++++ COLLECTED MATERIAL
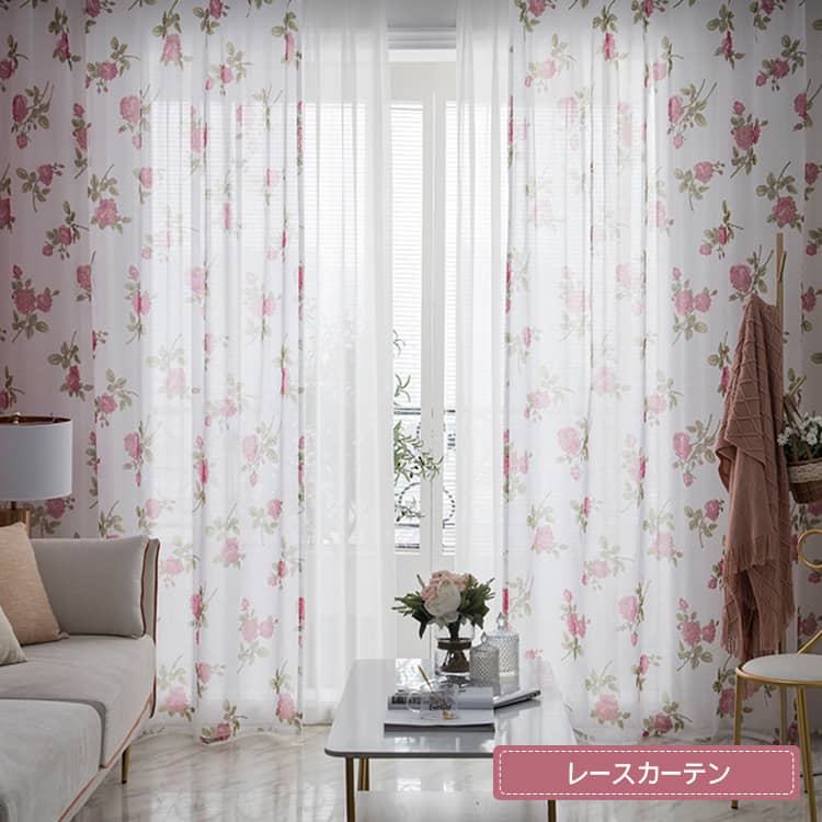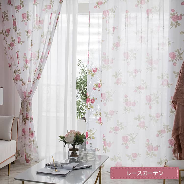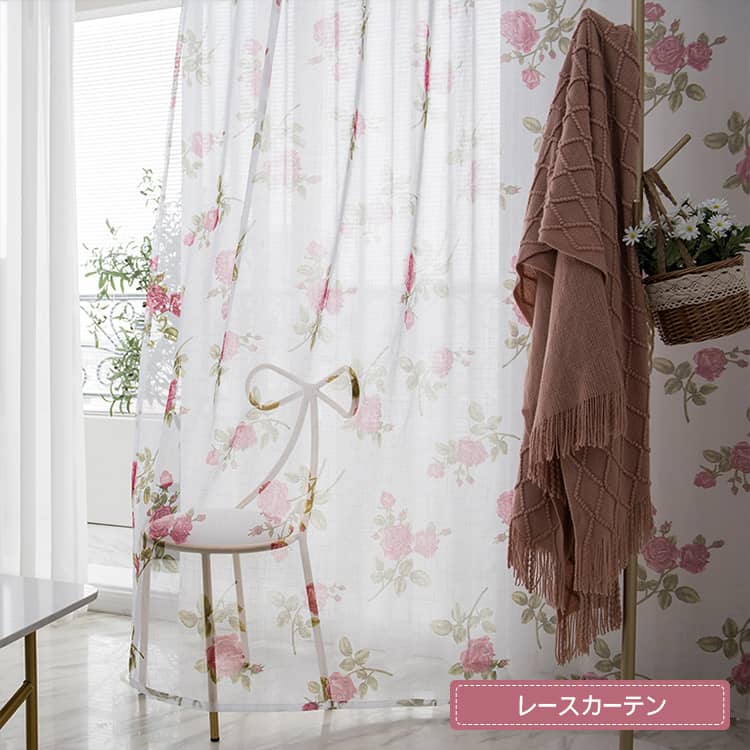 繊細なタッチで描かれたバラの花をプリントされたレースカーテン。
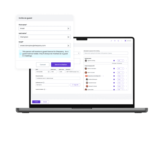 Avec la fonctionnalité des participants externes de Sherpany, il est facile d'inviter et de gérer les participants externes. Si des changements sont apportés à une réunion, les calendriers des participants externes sont automatiquement mis à jour, ce qui élimine la gestion inutile de tout changement. De plus, vous gardez un contrôle total sur leur accès au contenu de la réunion, ce qui garantit une collaboration sûre et efficace avec tous les participants, qu'ils fassent ou non partie de votre organisation.
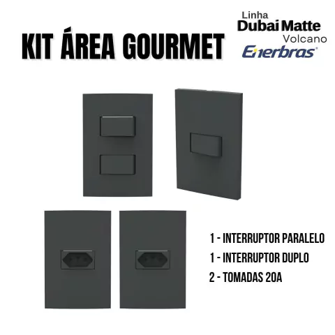 Kit Para Área Gourmet Tomadas e Interruptores Linha Dubai Volcano Matte Grafite Fosco Enerbras
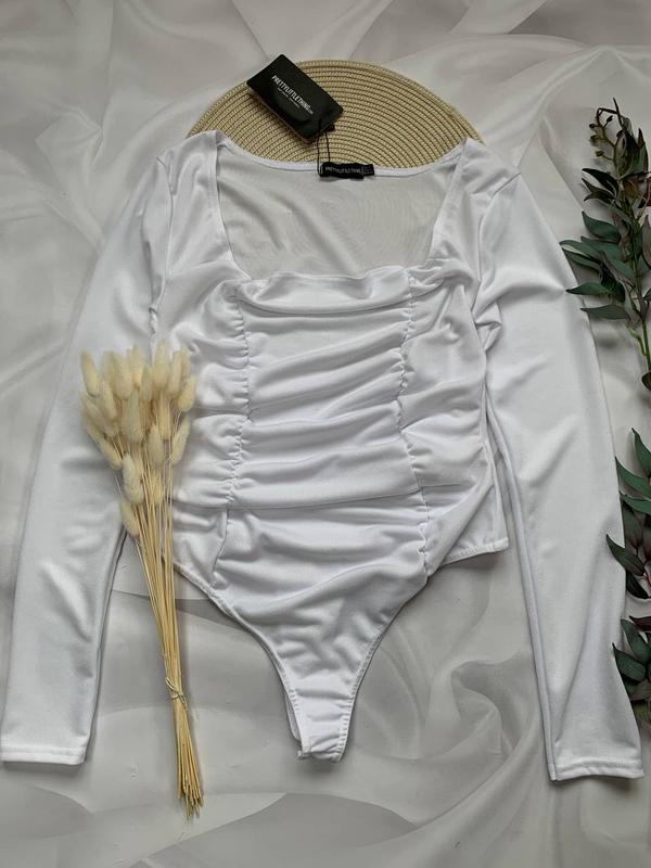 ✨біле боді з рюшами з довгим рукавом prettylittlething✨
++++++++
**PROBLEM STATEMENT:** Only those lines from the one containing "Kit Para Área" to the end of the material above, retyped exactly and without pictures, belong in your reply.

**TASK OUTPUT:**
 Kit Para Área Gourmet Tomadas e Interruptores Linha Dubai Volcano Matte Grafite Fosco Enerbras
 ✨біле боді з рюшами з довгим рукавом prettylittlething✨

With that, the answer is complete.